Cant restart lxd every other day. Containers seems to be working but the win vm is not responsive at all since yesterday.

Please can you check the load and memory usage when it occurs as this sort of thing normally happens your system is overloaded in some way. And as both the VM is hanging and LXD is having trouble accessing the database in a timely manner its all pointing to an overloaded system.

@tomp
Memory was 18% free at the time (24gb). CPU was a 40% usage.
I still cant do lxc list
“lxc list
Error: Get “http://unix.socket/1.0/instances?filter=&recursion=2”: net/http: timeout awaiting response header”

VM is still unresponsive. lxc stop vm-name -f wont work. Can i force it?

What does top show and what does ps aux | grep qemu show?

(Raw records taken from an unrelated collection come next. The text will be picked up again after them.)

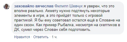 Есть ли у него перспективы стать основным в ДК? Я уверен, что это вполне реально. Ахмету нужно подтянуть некоторые элементы в игре, а это придёт только с игровой практикой. Я бы ему советовал остаться ещё в Словане на один сезон. Как пример Рыбалка, несмотря на скептиков в ДК, сумел через Слован себя подготовить.
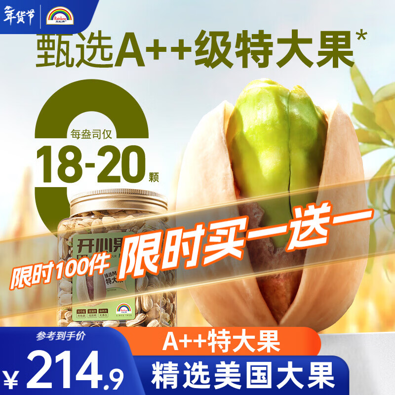 天虹牌(Rainbow)2斤开心果原色无漂白大颗粒美国坚果炒货干果孕妇零食品团购送礼 【到手2罐】618gA++级美国开心果
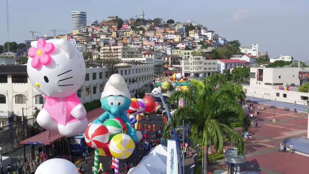 35 enormes figuras inflables alcanzaron entre 18 y 40 metros de altura. Personajes como Kung Fu Panda y Los Pitufos cautivaron al público. Miles de personas se aglomeraron en el centro de la urbe para disfrutar de los gigantes que llenaron de color el cielo de Guayaquil.
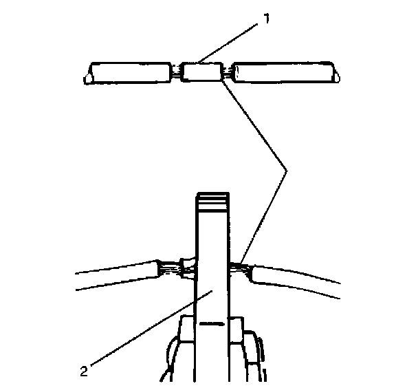 4. Position the wiring harness with enough clearance from the other parts and guard the wiring harness with a vinyl tube (2) and clips (1) to avoid direct contact.

Also, can you try this using the latest/stable channel? (keep in mind you wont be able to downgrade back to the LTS channel so if thats a problem don’t do it).

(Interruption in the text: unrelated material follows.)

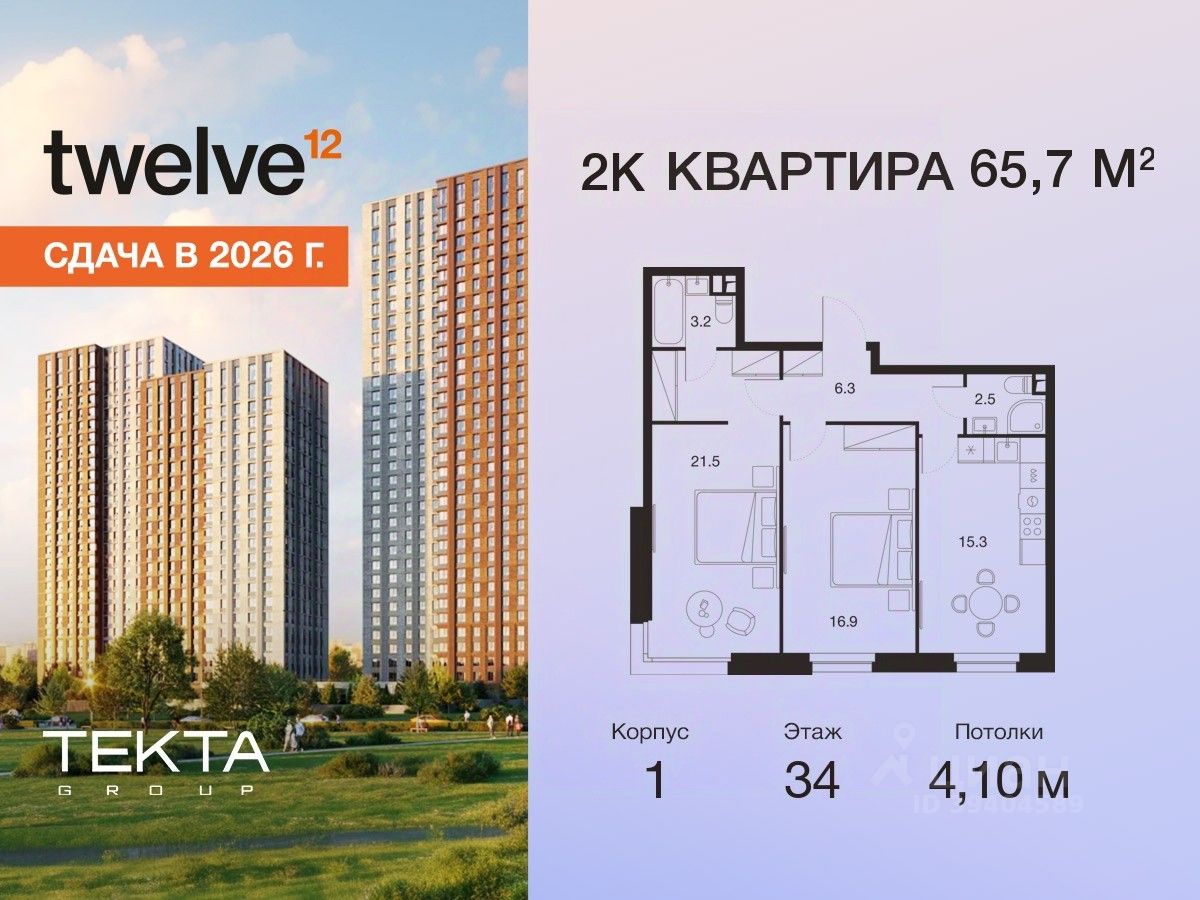 2-комн. квартира в ЖК "Твелв" на 34 этаже в 34 этажном здании Корпус 1. Общая площадь: 65.7 кв.м., жилая: 38.40 кв.м. Высота потолков 4.10 м.

lxd 14624 5.6 5.7 8901696 7635548 ? Sl Apr27 547:44 /snap/lxd/24322/bin/qemu-system-x86_64 -S -vm1 vm1 -uuid e3932e4b-9226-463d-a85c-64005a85e83f -daemonize -cpu host,hv_passthrough -nographic -serial chardev:console -nodefaults -no-user-config -sandbox on,obsolete=deny,elevateprivileges=allow,spawn=allow,resourcecontrol=deny -readconfig /var/snap/lxd/common/lxd/logs/vm1/qemu.conf -spice unix=on,disable-ticketing=on,addr=/var/snap/lxd/common/lxd/logs/vm1/qemu.spice -pidfile /var/snap/lxd/common/lxd/logs/vm1/qemu.pid -D /var/snap/lxd/common/lxd/logs/vm1/qemu.log -smbios type=2,manufacturer=Canonical Ltd.,product=LXD -runas lxd
lxd 1083047 66.3 12.7 18322956 16784548 ? Sl Apr28 5666:27 /snap/lxd/24322/bin/qemu-system-x86_64 -S -vm1 win11 -uuid 10344210-25c5-4c81-ac7e-ea62a7b8b918 -daemonize -cpu host,hv_passthrough -nographic -serial chardev:console -nodefaults -no-user-config -sandbox on,obsolete=deny,elevateprivileges=allow,spawn=allow,resourcecontrol=deny -readconfig /var/snap/lxd/common/lxd/logs/win11/qemu.conf -spice unix=on,disable-ticketing=on,addr=/var/snap/lxd/common/lxd/logs/win11/qemu.spice -pidfile /var/snap/lxd/common/lxd/logs/win11/qemu.pid -D /var/snap/lxd/common/lxd/logs/win11/qemu.log -smbios type=2,manufacturer=Canonical Ltd.,product=LXD -runas lxd
user1 1299439 0.0 0.0 6608 2228 pts/10 S+ 16:37 0:00 grep --color=auto qemu

1083047 lxd 20 0 17.5g 16.0g 15.9g S 100.0 12.7 5671:21 qemu-system-x86
14624 lxd 20 0 8901696 7.3g 7.3g S 5.6 5.8 547:55.96 qemu-system-x86

vms right?

So it looks like those 2 qemu VM processes have 15.9G + 7.3G = 23.2G of resident memory.

How much memory does the server have?

You can kill those qemu processes to force the VMs to stop.

The server has 128gb of ram. Reg ecc ddr4. But should lxd really crash if the memory is full? Ok so kill pid may work? I can ssh into containers and they work. But lxc exec, list, info wobt work.

Its likely qemu has crashed and is blocking lxc list. So we should focus on why qemu is crashing/freezing/blocking - it may be an I/O fault. Anything in dmesg or journalctl?